I wasn’t told of expenses concerns, says ex-WIT chair
The statement from Noel Richards, who chaired the college board from 1998 to 2003, follows a similar declaration a week ago by his successor, Redmond O’Donoghue.
At the Dáil Public Accounts Committee almost a fortnight ago, WIT financial controller Tony McFeely said he had raised concerns about Prof Byrne’s travel expenses shortly after he became director (the title later changed to president) in 2001. Prof Byrne’s nomination to be appointed to a second 10-year term was rejected in May 2011 by the governing body after details came to light of €3.7m spent by the president’s office from 2004 to 2011.
Mr McFeely said he told unnamed members of the governing body on a confidential basis about his concerns but he did not tell the chairperson because he had applied for the job of director and it might be considered sour grapes.
Mr Richards said no concerns regarding expenditure in any part of the institute were raised with him during his tenure or since.
“I feel compelled to say that at no time was I approached with concerns about spending at what was the director’s office or at any other school or department of the institute — whether by a staff member, a member of the governing body or any other internal or external source,” said Mr Richards, a retired businessman.

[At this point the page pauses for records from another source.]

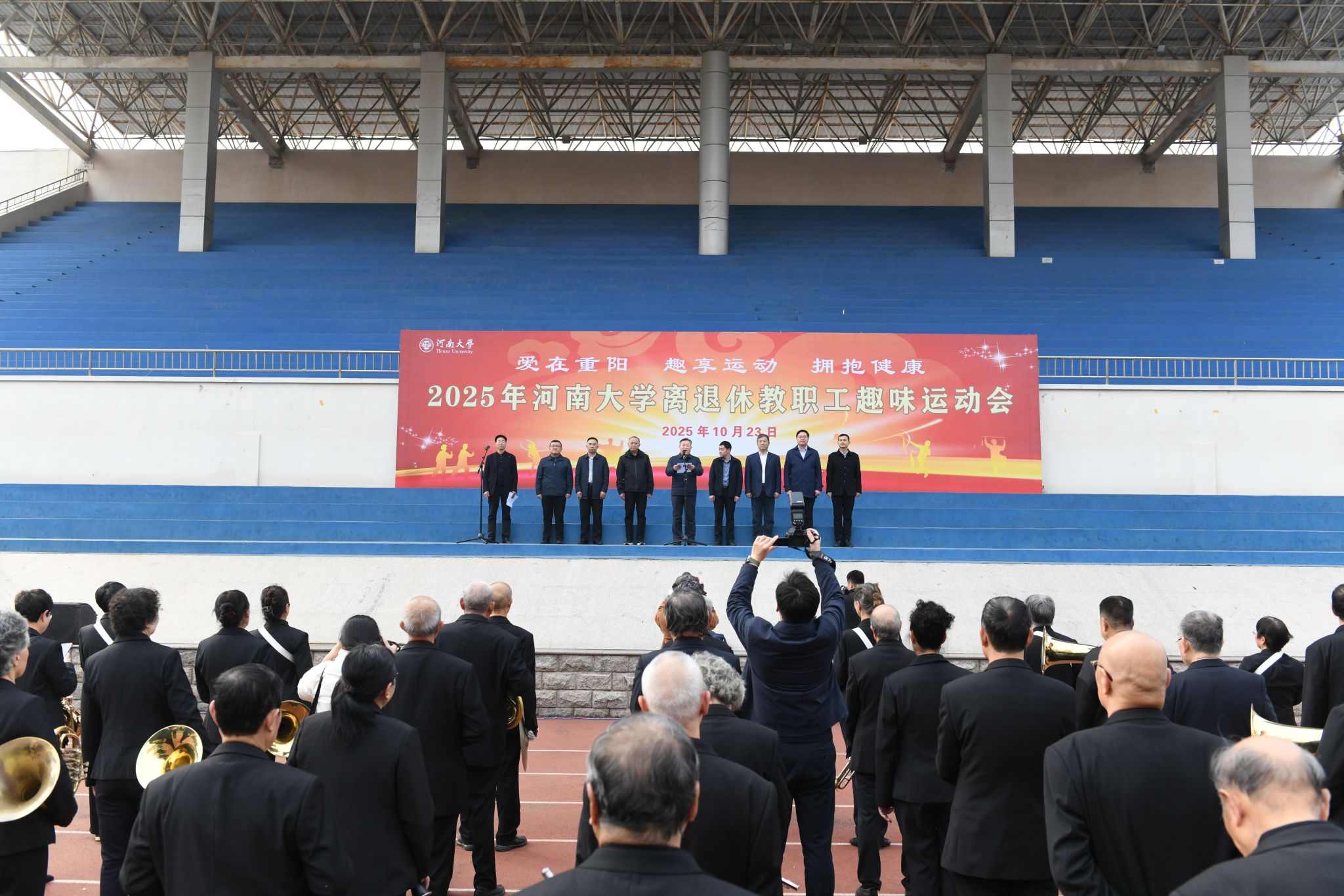 金秋送爽,丹桂飘香;百年河大,情暖重阳。10月23日下午,金明校区志义体育场上乐曲昂扬,人头攒动,洋溢着欢乐祥和的气氛,河南大学2025年离退休教职工趣味运动会在此举行。校党委副书记李平,相关职能部门负责人出席开幕式。开幕式由离退休党委书记、离退休工作处处长牛林豪主持。
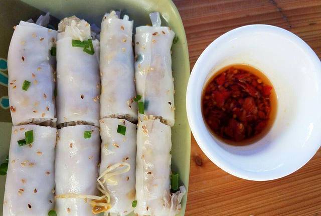 猪肠碌端上来时我还小小惊讶了一把,和我想象中的不太一样,但是看上去很普通,感觉跟肠粉差不多。热情的老板听说我们是外地来的还很热情地给我们介绍,里面的馅基本是由豆芽、炒河粉做成,以整张的河粉作皮来包裹,撒上白芝麻,有的人喜欢蘸着辣椒酱或者番茄酱来吃。作为四川人,我是无辣不欢的,问老板要了一小碟老板自制的辣椒酱,辣椒酱跟我们那边的辣不太一样,辣劲不足,香味有余。
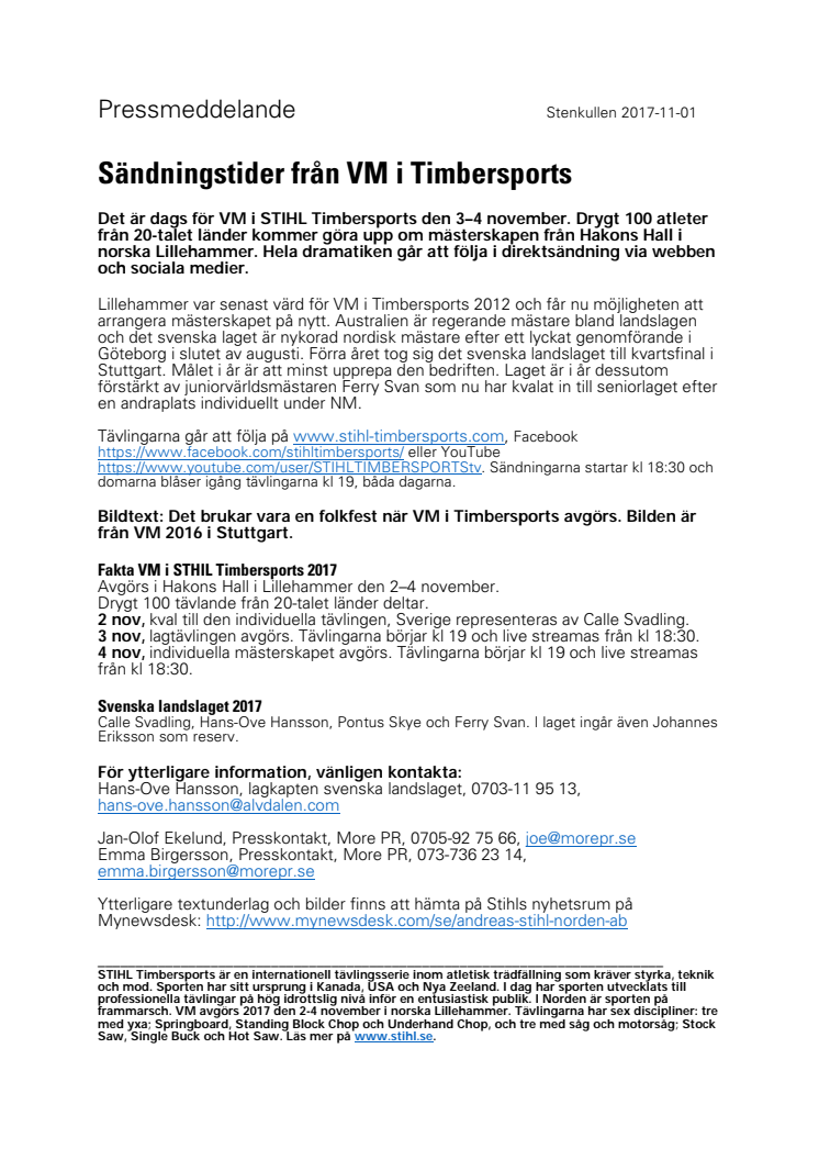 Tävlingarna går att följa på www.stihl-timbersports.com, Facebook https://www.facebook.com/stihltimbersports/ eller YouTube https://www.youtube.com/user/STIHLTIMBERSPORTStv. Sändningarna startar kl 18:30 och domarna blåser igång tävlingarna kl 19, båda dagarna.
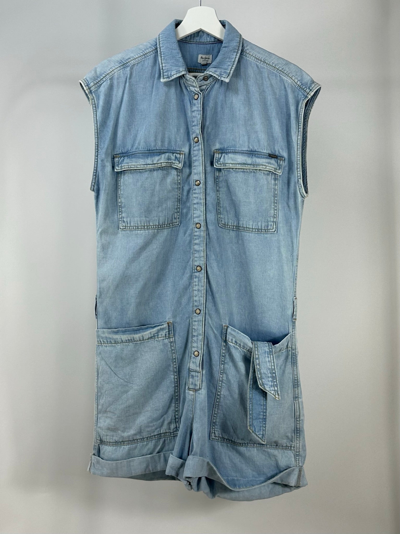 Der blaue Jumpsuit von Pepe Jeans vereint Stil und Komfort auf harmonische Weise. Gefertigt aus hochwertiger Baumwolle bietet dieser Jumpsuit ein angenehmes Tragegefühl und eine lässige Eleganz. Mit seinem unifarbenen Denim-Look strahlt er eine zeitlose Modernität aus. Der Jumpsuit ist ärmellos und kurz geschnitten, was eine luftige Atmosphäre schafft und Ihre Silhouette zur Geltung bringt. Die gerade bis leicht taillierte Passform sorgt für eine bequeme und dennoch schmeichelhafte Passung. Die praktischen Details wie die vielseitigen Taschen und die Druckknopfleiste verleihen dem Jumpsuit eine funktionale Note. Der beiliegende Taillengürtel setzt Akzente und betont die Taille auf elegante Weise. Mit dem Pepe Jeans Jumpsuit holen Sie sich ein vielseitiges Kleidungsstück, das mühelose Eleganz und Tragekomfort vereint.
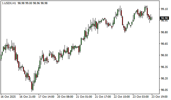 Vývoj dolarového indexu USDX (1hodinový graf - H1):
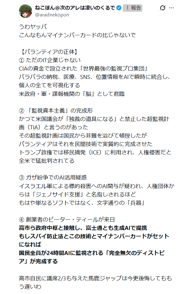 https://video.twimg.com/amplify_video/2029727319271821320/vid/avc1/640x336/SgWSl-gt54IjRWem.mp4?tag=21https://video.twimg.com/amplify_video/2029727319246639104/vid/avc1/1080x604/mc4dzaqkNrnGu051.mp4?tag=21https://video.twimg.com/amplify_video/1966018388779745282/vid/avc1/640x960/Hiu_BDuzzacfWL7i.mp4?tag=21https://video.twimg.com/amplify_video/1929472472640012288/vid/avc1/1280x720/WG8VLnMemXbMsFXA.mp4?tag=21パランティアは軍事企業でもあるけど、もっとも危惧されているのは、こういうテックビリオネアたちが古典的な民主主義を非効率だとして、ITとAIで高度な監視社会を作ろうとしていることだと言われているね。俺やじいちゃんはネットでの行動をモニターされて危険思想の持ち主としてブラックリストに載せられて、就職差別されたりローンの審査もクレジットカードの審査も通らなくなったりするかもな。
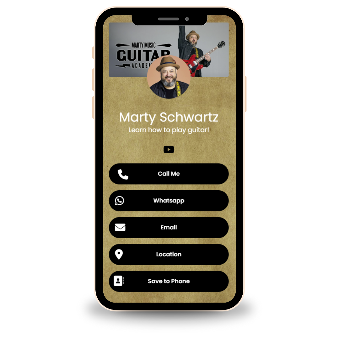 Cover image, profile picture, links to all of your social media, emails, numbers, about us section, images and an option to download the vCard to your phone.
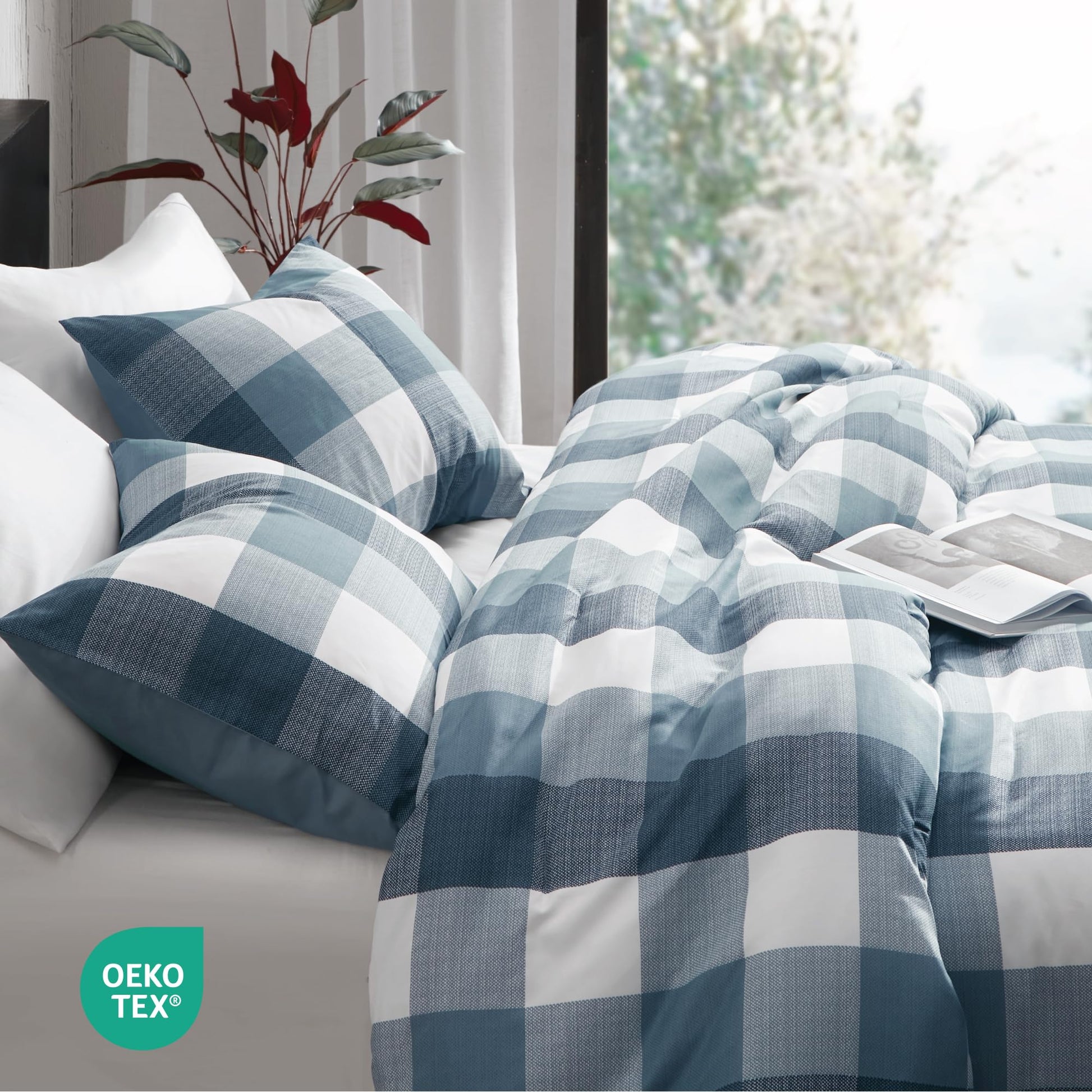 Plaid Twin Comforter Set for Teen, Farmhouse Comforter Twin Size Bed, Blue and White Comforter, Grid Buffalo Lightweight 3 Pieces Bed Sets Includes 1 Comforter, 1 Shams (66 x 90 Inch)
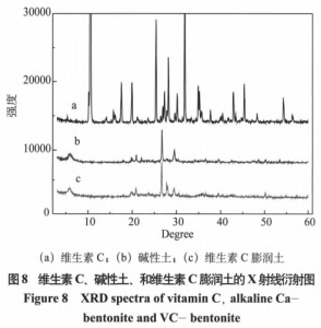圖8各自為維他命C、堿性土、維他命C鈉基膨潤(rùn)土三種原材料的X射線衍射圖。由圖能夠看得出,維他命C在10.55°時(shí)發(fā)生較大最高值,自此僅在19.96°、25.4°、26.5°、28.2°及31.9°周邊發(fā)生極強(qiáng)的透射峰。較為圖8的b、c兩曲線圖可發(fā)覺(jué),維他命C改性材料鈉基膨潤(rùn)土仍基本上保存堿性土的構(gòu)造,這與之前的紅外線定量分析結(jié)果一致。堿性土的001峰在2θ=5.969°處,依據(jù)Bragg方程計(jì)算蒙脫土的層間隔為1.478nm,而維他命C鈉基膨潤(rùn)土在2θ=5.854°處發(fā)生透射峰,測(cè)算其層間隔為1.508nm,這表明改性材料后層間隔增大,維他命C分子結(jié)構(gòu)進(jìn)入了偏堿土壤層間。
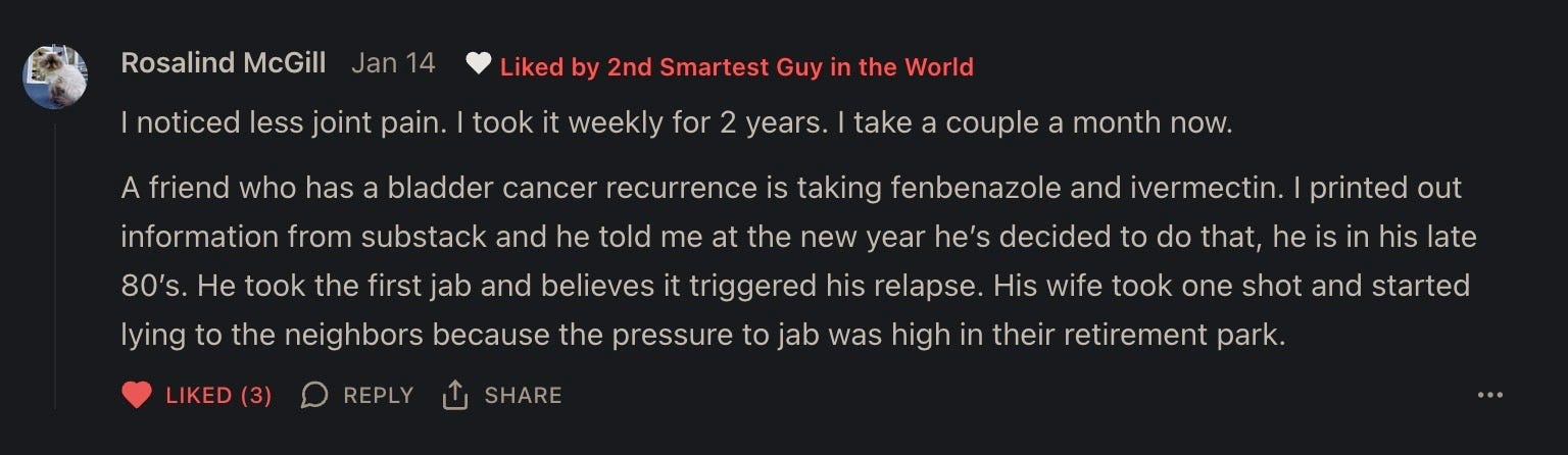 This Substack has recently written about the wonder drugs Ivermectin and Fenbendazole: As a combination therapy these two drugs offer a highly synergistic approach to curing a wide range of ailments from slow kill bioweapon injection damage to prion-based diseases to (turbo) cancers, etc.
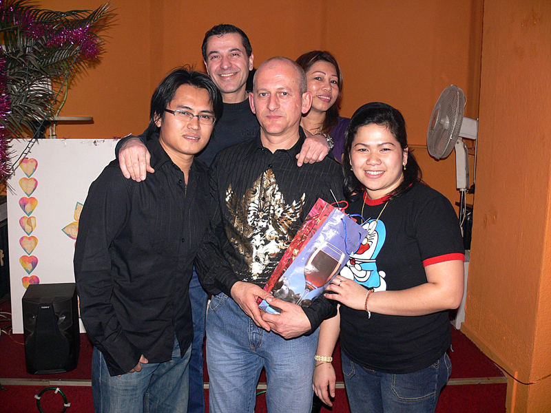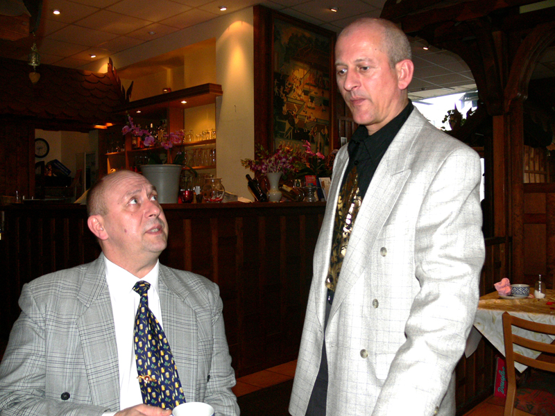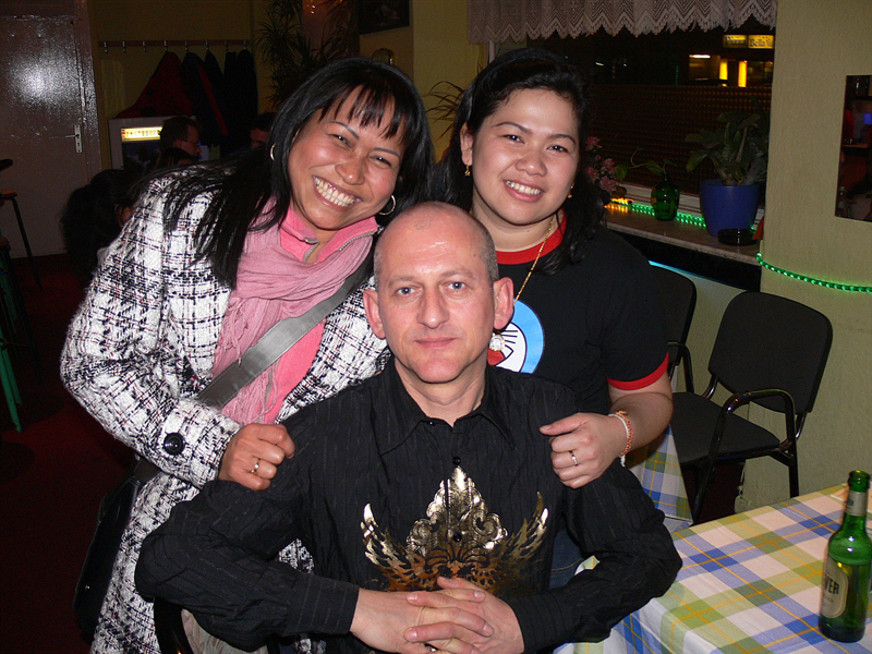 JoJo - das ist Dr. Jürgen Schulze aus Köln. Kein Unbekannter in Thai-Kreisen. Seine Thaimassage mit dem Namen Thai Kultur in Ruppichteroth ist ja schon legendär zu nennen, sei es von der Größe, von den kleinen Preisen und von dem besonderen Interieur. Nun war JoJo in Berlin unterwegs und hat sich mit Thai Gastro Reporter Klaus Müller alias Santa Claus getroffen, auch mit Helmut big und mit vielen anderen. Das alles schien dem wackeren Riesen so gefallen zu haben, dass er beschlossen hat, in Berlin einen riesigen Thai-Massage-Tempel aufzutun. Soweit, so gut. Wenn es Wirklichkeit wird, dann können sich aber viele in Berlin warm anziehen: Eine Stunde zu 30 Euro. Das wird Wellen schlagen. Na ja, vielleicht wird es ja doch nichts. Abwarten und Tee trinken.
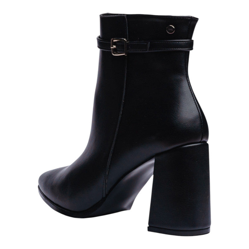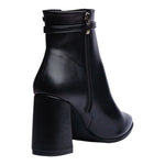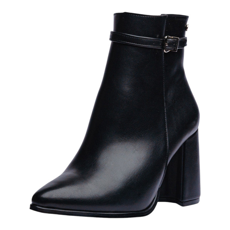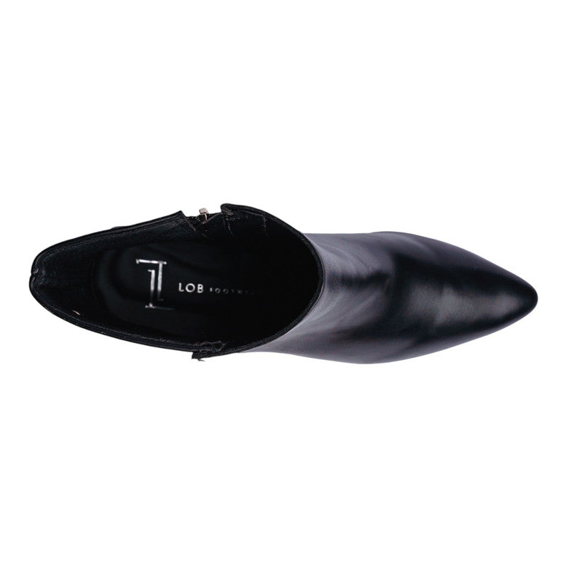 Botín para dama en color negro con un diseño elegante y estilizado que aporta sofisticación a cualquier look. Su silueta de punta fina y el tacón ancho de 9.5 cm estilizan la figura, manteniendo al mismo tiempo comodidad y seguridad en la pisada.
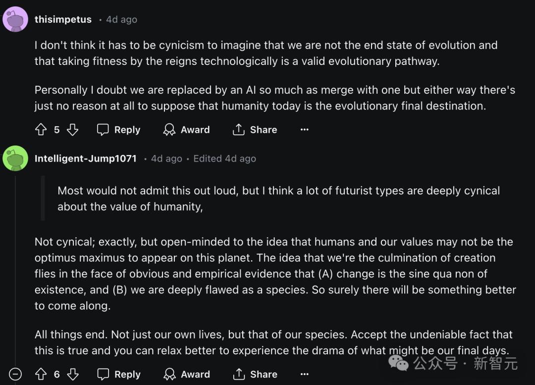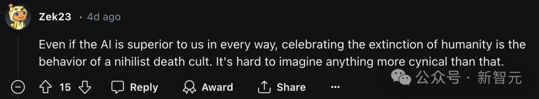 发帖的博主都十分惊讶于Hinton的激进态度,而且他被要求展开解释时似乎态度非常坚决,即使他心知肚明,「表示反对是更明智的说法」。有人严厉批评,认为他不顾人类这个物种的生存和整体福祉,这是「愤世嫉俗」、「虚无主义」的表现。毕竟,人都没了, 要那么先进的AI技术有什么用呢?
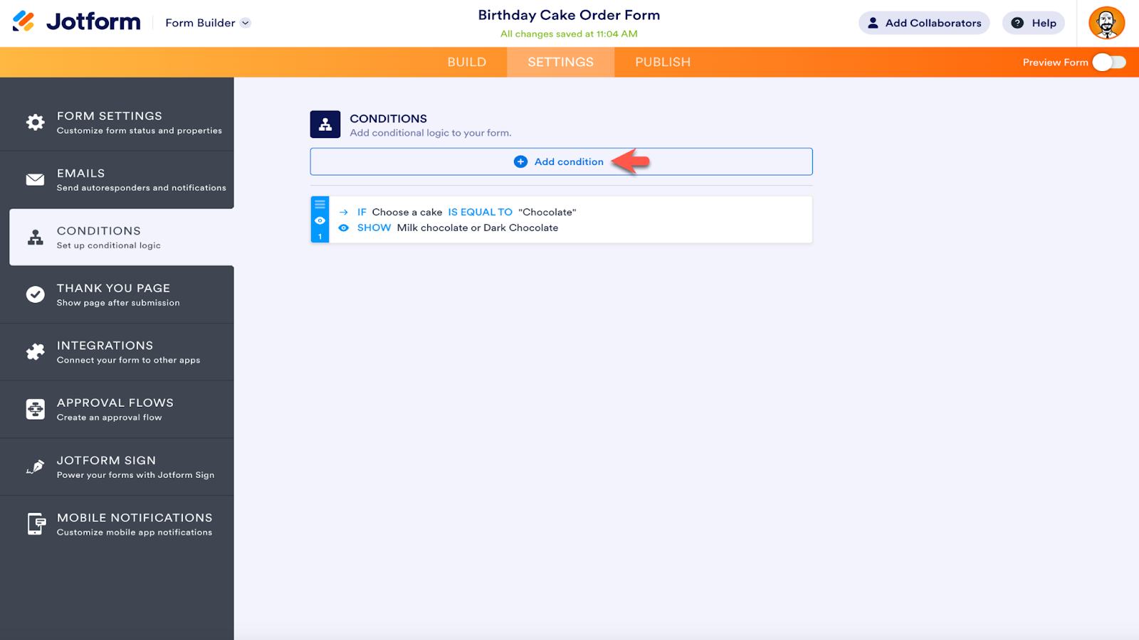 Jotform’s conditional logic may seem complex, but adding it to a form is a straightforward process.

“As chairman, I would have been on campus regularly — often several times a week — and so was very accessible to staff and management, many of whom I would also have dealt with while Prof Byrne’s predecessor was director.”
Mr O’Donoghue also said last week said that he had approved — and stands over — the chartering for a flight from Waterford to Dublin in 2007 for a visiting academic who was assessing WIT’s case for university status.
But at a PAC hearing on Thursday, it emerged that the €4,200 cost previously attributed to that flight was actually the cost of two other previously unreported private charter flights which brought the same person from near his home in England to meetings in Dublin and back in Jun 2007. This is to be the subject of further questions to senior WIT management at a future PAC hearing.
WIT president Dr Ruaidhrí Neavyn told the PAC on Sept 27 that his predecessor was taking legal action against the college in connection with the selection process in which Prof Byrne was not chosen for a second term.